The deal also gives New Jersey Muslims the opportunity to shape the NYPD’s first-ever policy guide governing the Intelligence Bureau’s activities, which will be posted publicly.

Reflecting on his six-year struggle for such gains, Hassan reflected: “I did not know the wheels of justice were this slow.”

Farhana Khera, the executive Director of Muslim Advocates, noted that Hassan had filed his case inside Newark’s Martin Luther King Courthouse.

“Today’s settlement sends a message to all police forces across the country: Simply being Muslim is not a basis for suspicion and cannot be a basis for surveillance,” she told reporters.

The lawsuit had been part of a flurry of litigation sparked by an Associated Press investigation in 2012, documenting the emergence of the department’s now-shuttered Demographics Unit in the wake of the Sept. 11 attacks.

The Pulitzer Prize-winning series revealed that the NYPD spied on at least 20 mosques, 14 restaurants, 11 retail stores, two grade schools and two Muslim Student Associations in New Jersey.

“This is what happened here under the guise of national security or ‘making us safe,’” said Hassan, who will receive $5,000 from today’s settlement.

W. Deen Shareef, whose Council of Imams in New Jersey will receive $22,500 in compensation, noted that the NYPD’s surveillance damaged the trust built with local communities.

“If we’re trying to enhance public safety, this is not the way to go about doing it,” Shareef noted.

The last lawsuit to settle, the New Jersey case turned a corner after the U.S. Court of Appeals for the Third Circuit skewered the NYPD’s dragnet as a new spin on old discrimination.

“We have been down similar roads before,” U.S. Circuit Judge Thomas Ambro wrote in 2015. “Jewish-Americans during the Red Scare, African-Americans during the Civil Rights Movement, and Japanese-Americans during World War II are examples that readily spring to mind.
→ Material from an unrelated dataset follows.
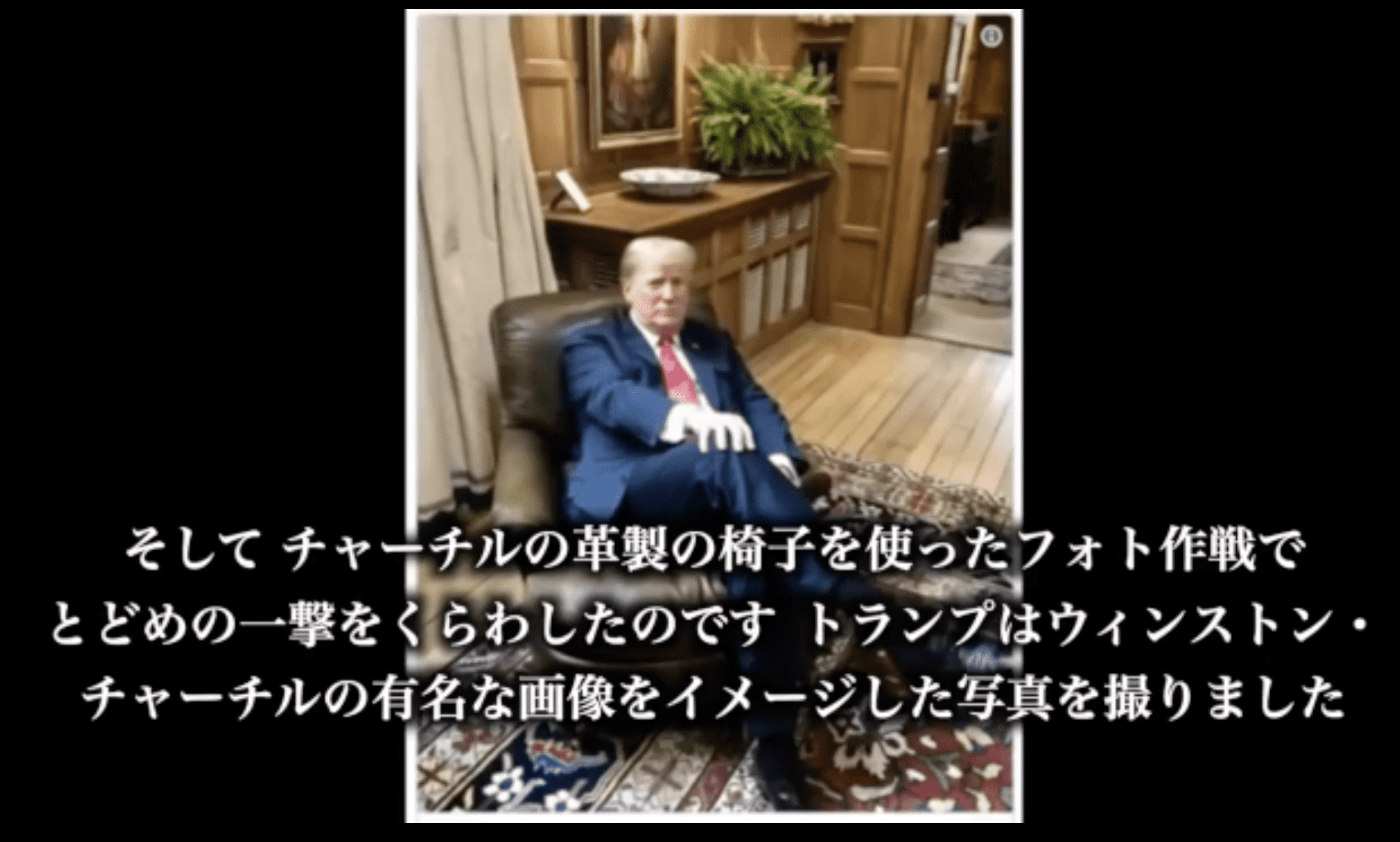 トランプはウィンストン・チャーチルの有名な画像をイメージした写真を撮りました。

We are left to wonder why we cannot see with foresight what we see so clearly with hindsight—that ‘[l]oyalty is a matter of the heart and mind[,] not race, creed, or color.’”

No part of the settlement forces the NYPD to admit misconduct.
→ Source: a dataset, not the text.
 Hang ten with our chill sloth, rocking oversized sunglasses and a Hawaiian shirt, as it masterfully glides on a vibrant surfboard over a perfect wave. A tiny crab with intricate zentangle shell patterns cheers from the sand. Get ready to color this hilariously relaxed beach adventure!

“Nothing contained in this stipulation shall be deemed to be an admission by defendant, or an adjudication, or finding on the merits of any of plaintiffs’ allegations, assertions, or claims made in this action, nor an admission by defendant that it has in any manner or way violated the rights of plaintiffs or the rights of any other person or entity,” it states.

Drawing upon his military experience, however, Hassan quipped that the NYPD’s refusal to confirm or deny wrongdoing is as good as an acknowledgement.
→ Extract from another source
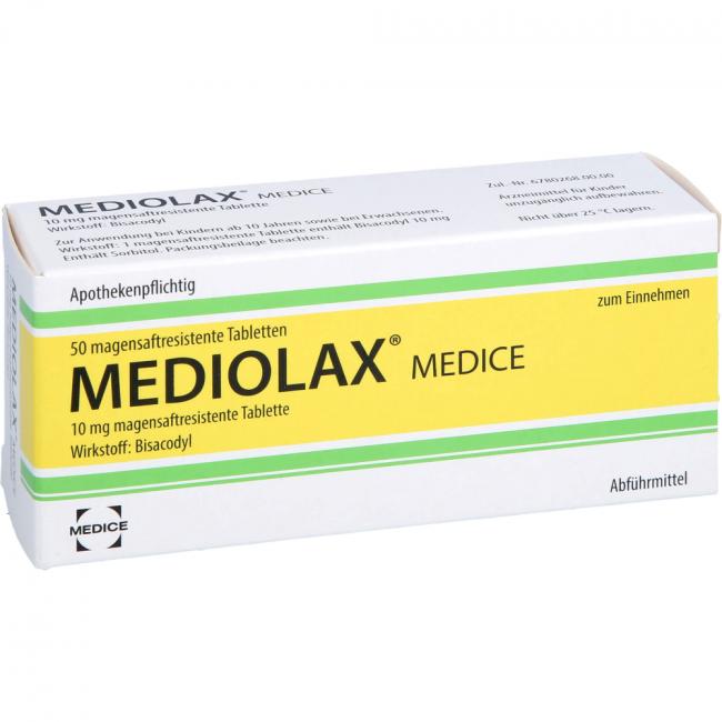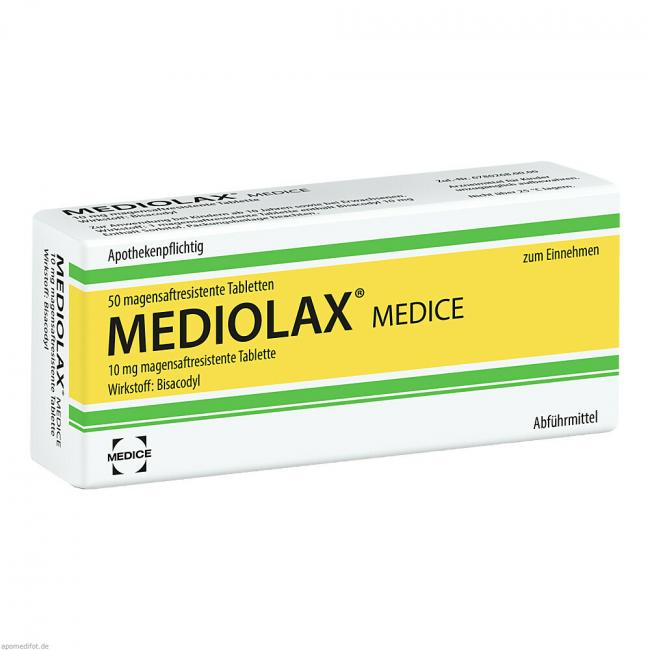 Mediolax Medice, 10 mg magensaftresistente Tabletten. Wirkstoff: Bisacodyl. Anwendungsgebiete: Zur kurzfristigen Anwendung bei Obstipation; bei Erkrankungen, die eine erleichterte Defäkation erfordern. Zur Anwendung bei Kindern ab 10 Jahren sowie bei Erwachsenen.

“A police department’s failure to admit wrongdoing is akin to a congressman’s no comment,” he said. “You know he did it. He’s just not going to acknowledge it.”

Harder proof than that will be more difficult to come by in the wake of a recent ruling from New York’s highest court, which allows the NYPD to refuse to either confirm or deny the existence of records that they contend relate to counterterrorism investigations.

That freedom-of-information case was brought by Muslim men who sought documents on the department’s surveillance of their communities.